> [Problem description]
Retype the entries exactly; omit all pictures.

START Extracted data

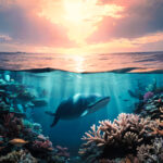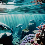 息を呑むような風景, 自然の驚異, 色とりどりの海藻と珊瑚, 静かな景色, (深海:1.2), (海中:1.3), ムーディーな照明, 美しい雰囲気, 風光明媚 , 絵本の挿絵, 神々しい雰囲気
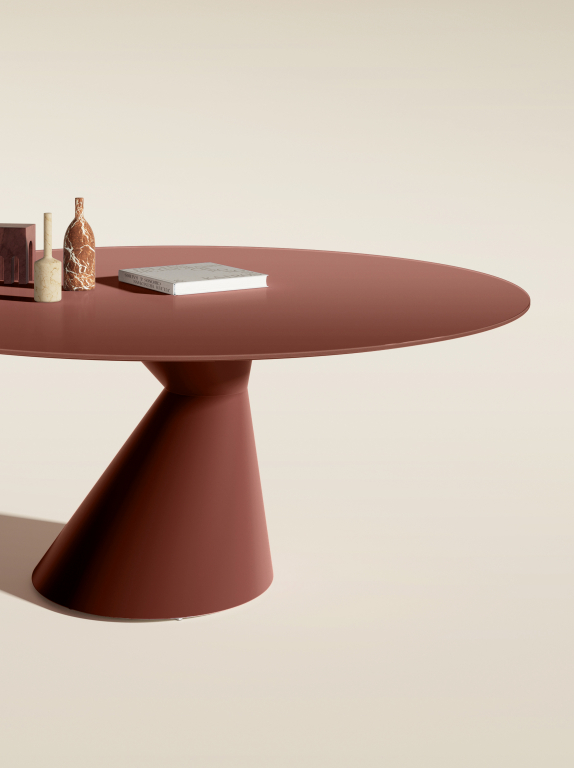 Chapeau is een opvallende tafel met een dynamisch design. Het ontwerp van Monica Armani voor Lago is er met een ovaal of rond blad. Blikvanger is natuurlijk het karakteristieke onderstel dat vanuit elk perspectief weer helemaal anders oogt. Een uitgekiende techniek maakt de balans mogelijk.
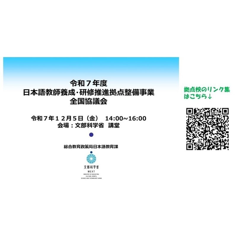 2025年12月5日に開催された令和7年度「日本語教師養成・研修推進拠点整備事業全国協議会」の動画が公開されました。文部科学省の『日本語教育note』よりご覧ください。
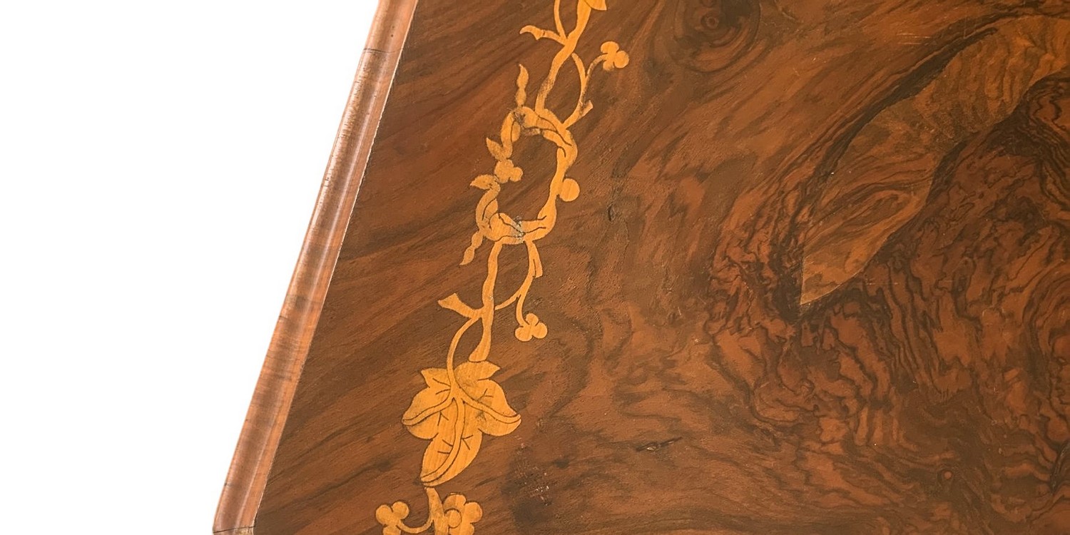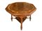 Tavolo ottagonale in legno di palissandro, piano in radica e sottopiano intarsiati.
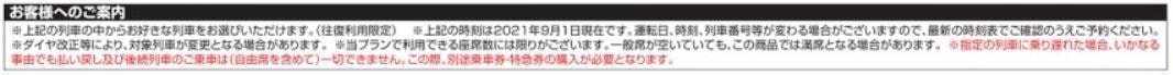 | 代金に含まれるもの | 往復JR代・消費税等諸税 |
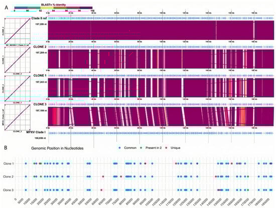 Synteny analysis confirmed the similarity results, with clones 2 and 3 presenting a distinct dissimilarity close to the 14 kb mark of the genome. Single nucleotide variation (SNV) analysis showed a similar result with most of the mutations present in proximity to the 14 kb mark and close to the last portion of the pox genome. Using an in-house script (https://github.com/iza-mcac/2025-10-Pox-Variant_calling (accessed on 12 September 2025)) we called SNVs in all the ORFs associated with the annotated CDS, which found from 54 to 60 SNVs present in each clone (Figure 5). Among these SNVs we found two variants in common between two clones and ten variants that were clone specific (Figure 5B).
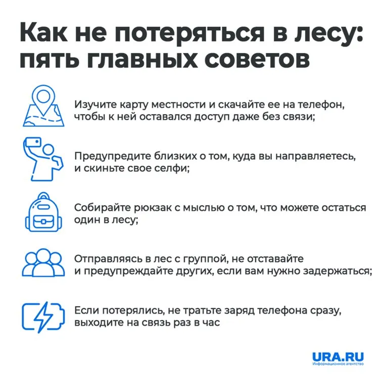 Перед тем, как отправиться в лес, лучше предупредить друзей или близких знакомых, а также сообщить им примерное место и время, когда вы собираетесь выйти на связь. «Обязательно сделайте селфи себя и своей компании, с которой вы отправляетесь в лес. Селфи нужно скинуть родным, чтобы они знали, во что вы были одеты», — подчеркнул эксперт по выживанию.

END Extracted data

> [Output for this task]
 息を呑むような風景, 自然の驚異, 色とりどりの海藻と珊瑚, 静かな景色, (深海:1.2), (海中:1.3), ムーディーな照明, 美しい雰囲気, 風光明媚 , 絵本の挿絵, 神々しい雰囲気
 Chapeau is een opvallende tafel met een dynamisch design. Het ontwerp van Monica Armani voor Lago is er met een ovaal of rond blad. Blikvanger is natuurlijk het karakteristieke onderstel dat vanuit elk perspectief weer helemaal anders oogt. Een uitgekiende techniek maakt de balans mogelijk.
 2025年12月5日に開催された令和7年度「日本語教師養成・研修推進拠点整備事業全国協議会」の動画が公開されました。文部科学省の『日本語教育note』よりご覧ください。
 Tavolo ottagonale in legno di palissandro, piano in radica e sottopiano intarsiati.
 | 代金に含まれるもの | 往復JR代・消費税等諸税 |
 Synteny analysis confirmed the similarity results, with clones 2 and 3 presenting a distinct dissimilarity close to the 14 kb mark of the genome. Single nucleotide variation (SNV) analysis showed a similar result with most of the mutations present in proximity to the 14 kb mark and close to the last portion of the pox genome. Using an in-house script (https://github.com/iza-mcac/2025-10-Pox-Variant_calling (accessed on 12 September 2025)) we called SNVs in all the ORFs associated with the annotated CDS, which found from 54 to 60 SNVs present in each clone (Figure 5). Among these SNVs we found two variants in common between two clones and ten variants that were clone specific (Figure 5B).
 Перед тем, как отправиться в лес, лучше предупредить друзей или близких знакомых, а также сообщить им примерное место и время, когда вы собираетесь выйти на связь. «Обязательно сделайте селфи себя и своей компании, с которой вы отправляетесь в лес. Селфи нужно скинуть родным, чтобы они знали, во что вы были одеты», — подчеркнул эксперт по выживанию.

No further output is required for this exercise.